--- Data listing ---
================================
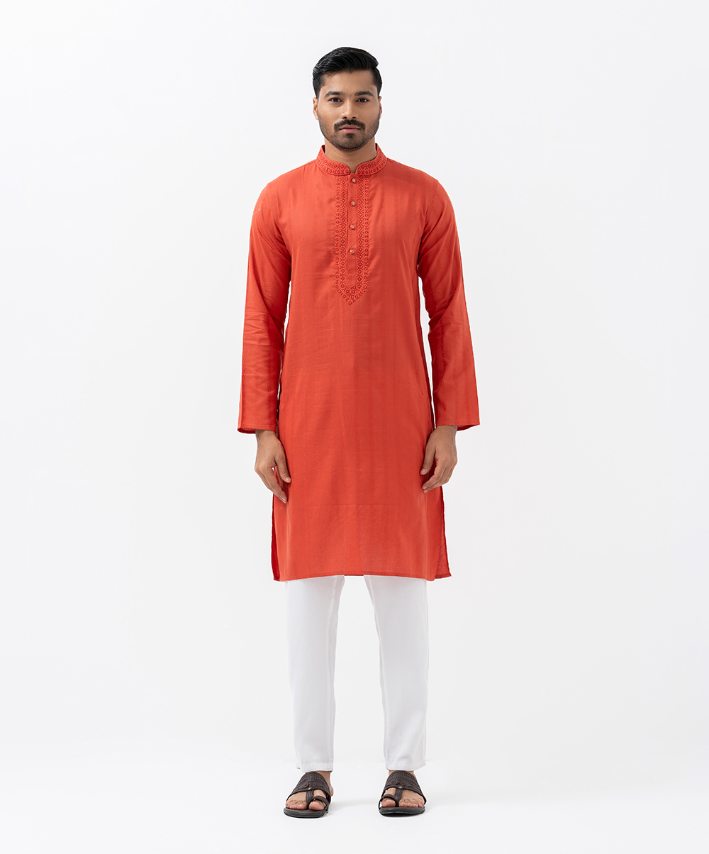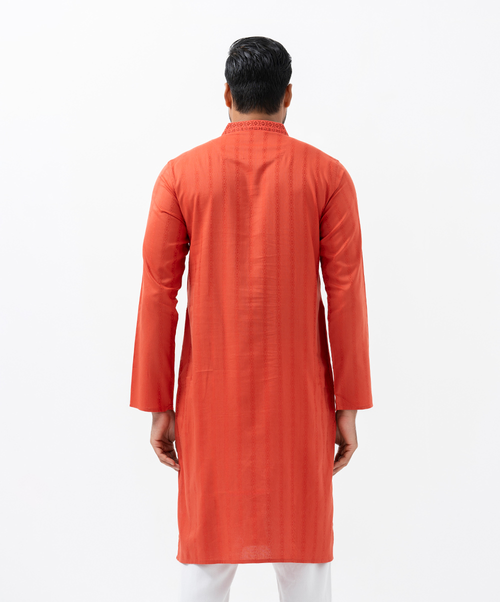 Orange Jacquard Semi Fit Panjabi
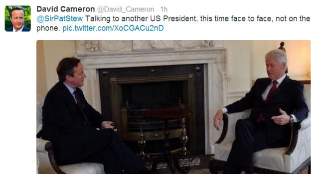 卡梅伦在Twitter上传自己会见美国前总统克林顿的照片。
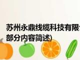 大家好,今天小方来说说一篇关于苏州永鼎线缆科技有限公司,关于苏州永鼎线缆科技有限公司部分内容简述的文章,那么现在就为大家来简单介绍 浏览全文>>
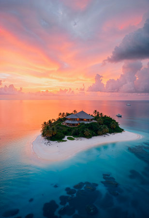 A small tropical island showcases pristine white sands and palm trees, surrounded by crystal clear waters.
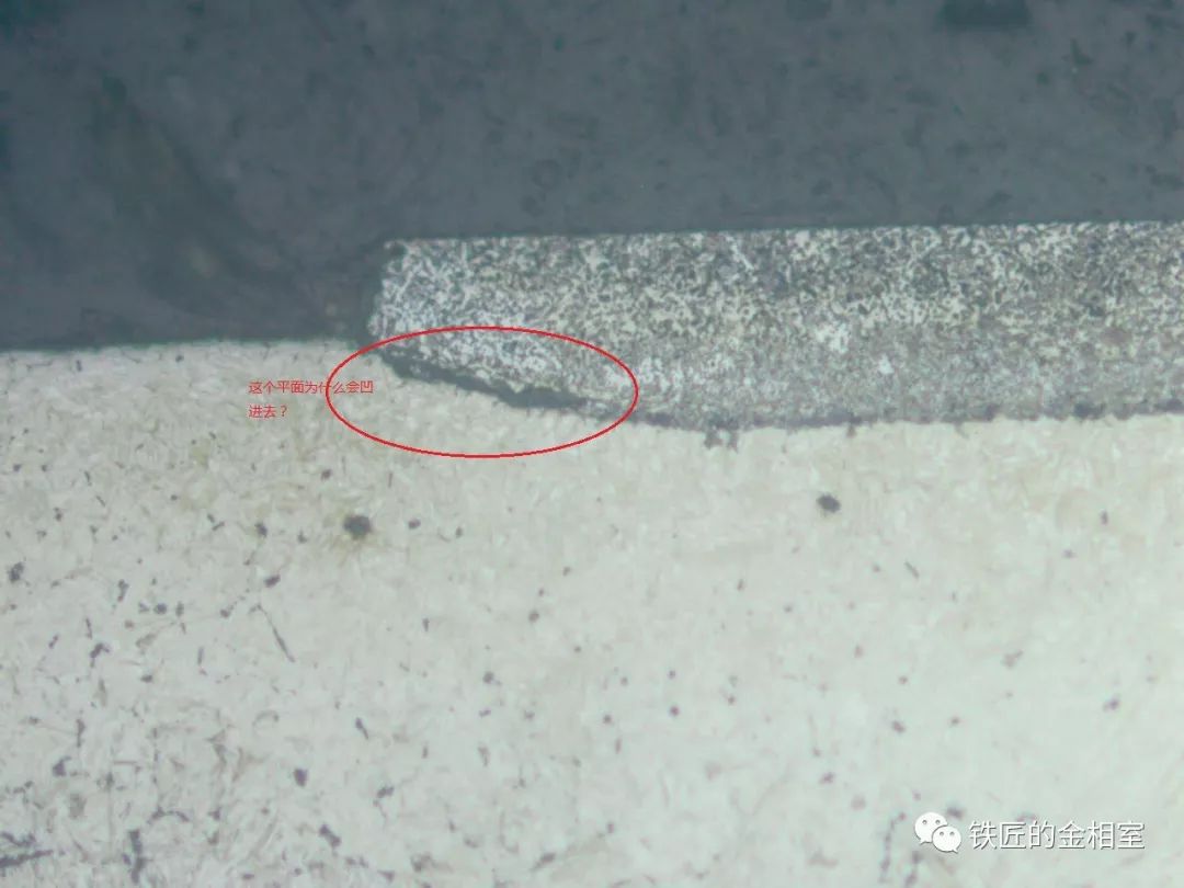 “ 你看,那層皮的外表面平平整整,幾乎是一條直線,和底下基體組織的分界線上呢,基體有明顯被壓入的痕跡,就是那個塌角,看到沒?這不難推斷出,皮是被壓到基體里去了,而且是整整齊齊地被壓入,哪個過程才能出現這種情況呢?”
================================
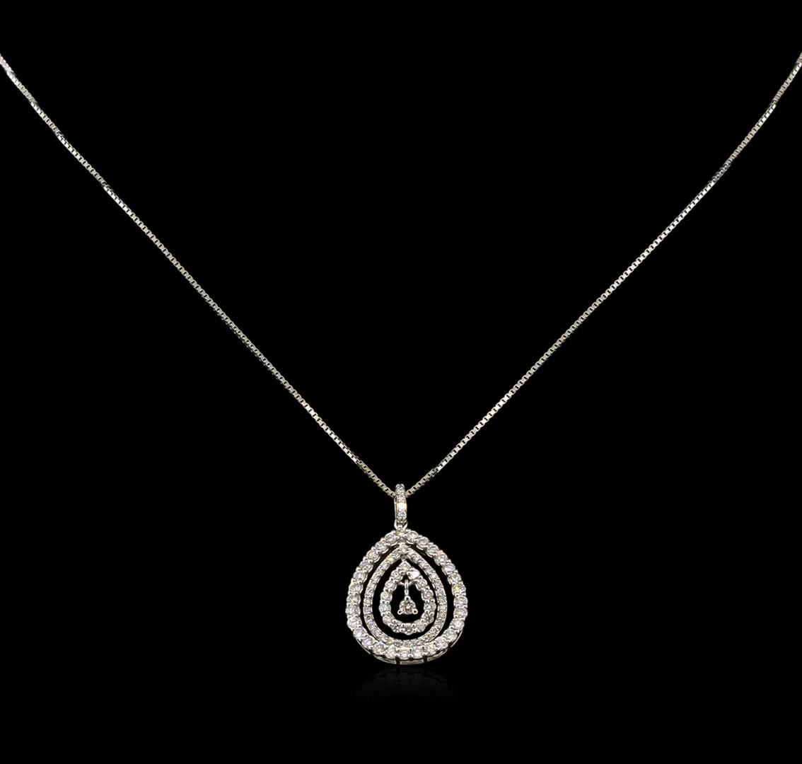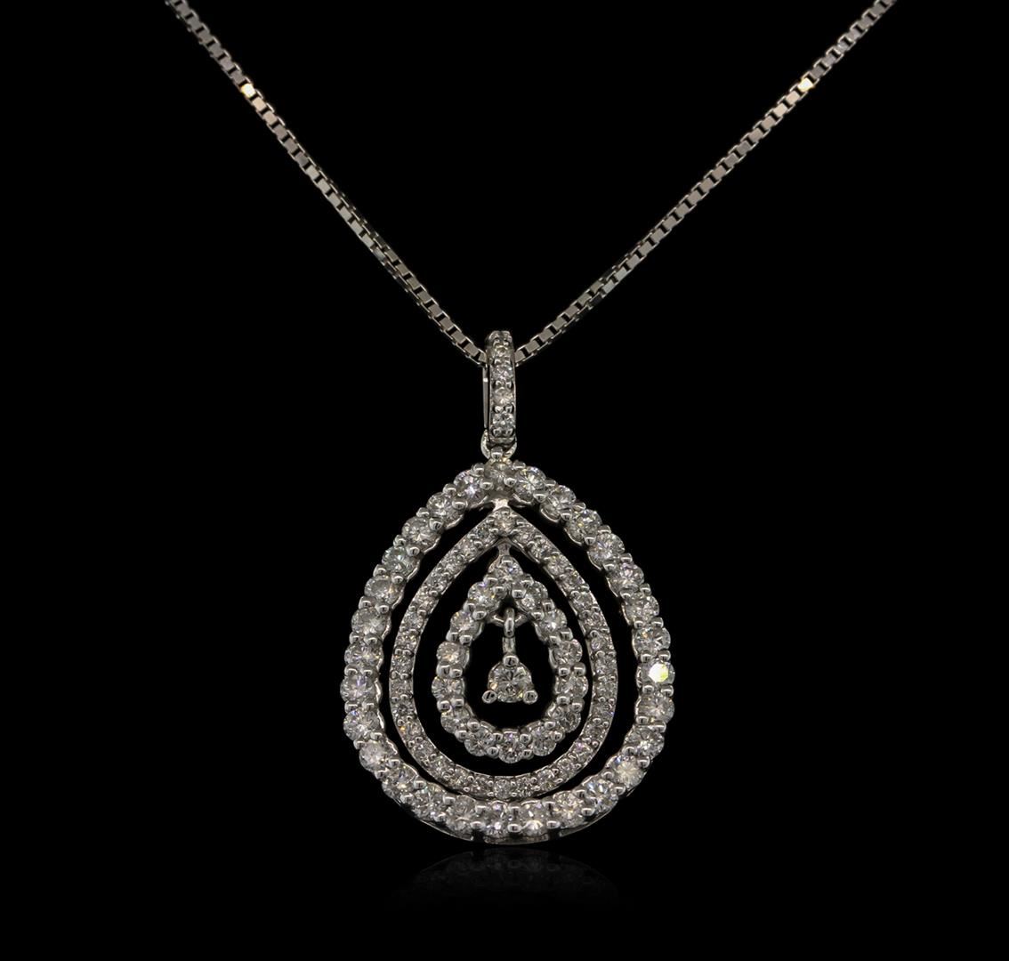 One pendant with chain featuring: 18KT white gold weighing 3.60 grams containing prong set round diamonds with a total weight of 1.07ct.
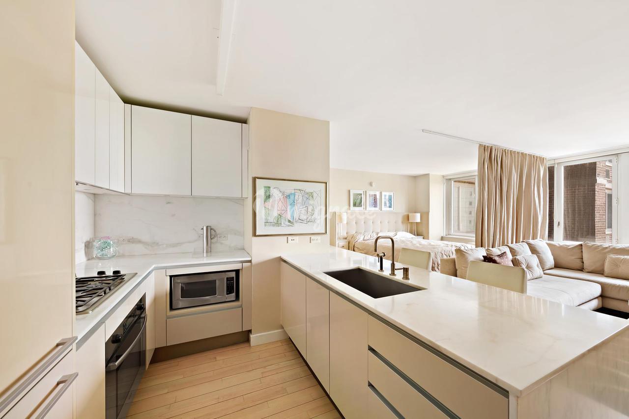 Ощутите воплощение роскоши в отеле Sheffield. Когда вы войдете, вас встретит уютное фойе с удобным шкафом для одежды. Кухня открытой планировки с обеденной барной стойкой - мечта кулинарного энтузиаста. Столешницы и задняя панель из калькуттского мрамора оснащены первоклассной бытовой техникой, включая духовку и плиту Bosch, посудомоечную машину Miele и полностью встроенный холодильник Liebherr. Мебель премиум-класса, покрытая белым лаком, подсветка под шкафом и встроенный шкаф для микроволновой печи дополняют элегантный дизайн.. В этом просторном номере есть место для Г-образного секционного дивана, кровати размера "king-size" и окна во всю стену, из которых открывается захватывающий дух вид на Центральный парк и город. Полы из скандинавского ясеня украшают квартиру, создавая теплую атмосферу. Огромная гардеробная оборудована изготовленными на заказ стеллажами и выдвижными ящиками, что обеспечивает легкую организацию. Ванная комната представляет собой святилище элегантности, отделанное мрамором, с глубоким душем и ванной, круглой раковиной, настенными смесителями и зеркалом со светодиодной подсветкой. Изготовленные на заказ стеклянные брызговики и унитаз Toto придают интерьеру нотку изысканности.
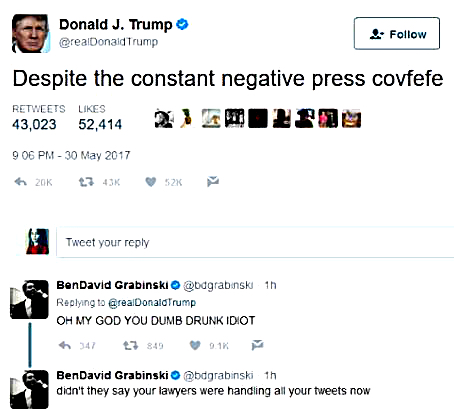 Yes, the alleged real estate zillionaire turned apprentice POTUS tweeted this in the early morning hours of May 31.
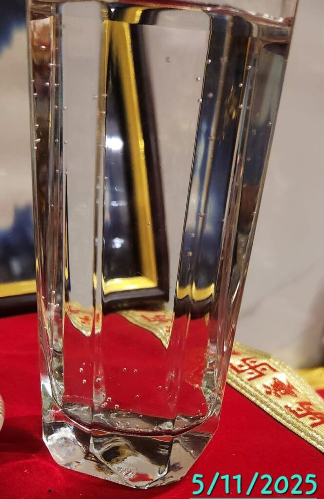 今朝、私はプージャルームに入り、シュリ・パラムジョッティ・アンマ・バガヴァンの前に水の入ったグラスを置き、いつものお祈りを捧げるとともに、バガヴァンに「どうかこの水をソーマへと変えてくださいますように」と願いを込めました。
================================
--- Task directions ---
Print an exact copy of the lines above, from the one containing "Yes, the alleged" through the one containing "今朝、私はプージャルームに入", and leave out the pictures.

--- Answer to the problem ---
 Yes, the alleged real estate zillionaire turned apprentice POTUS tweeted this in the early morning hours of May 31.
 今朝、私はプージャルームに入り、シュリ・パラムジョッティ・アンマ・バガヴァンの前に水の入ったグラスを置き、いつものお祈りを捧げるとともに、バガヴァンに「どうかこの水をソーマへと変えてくださいますように」と願いを込めました。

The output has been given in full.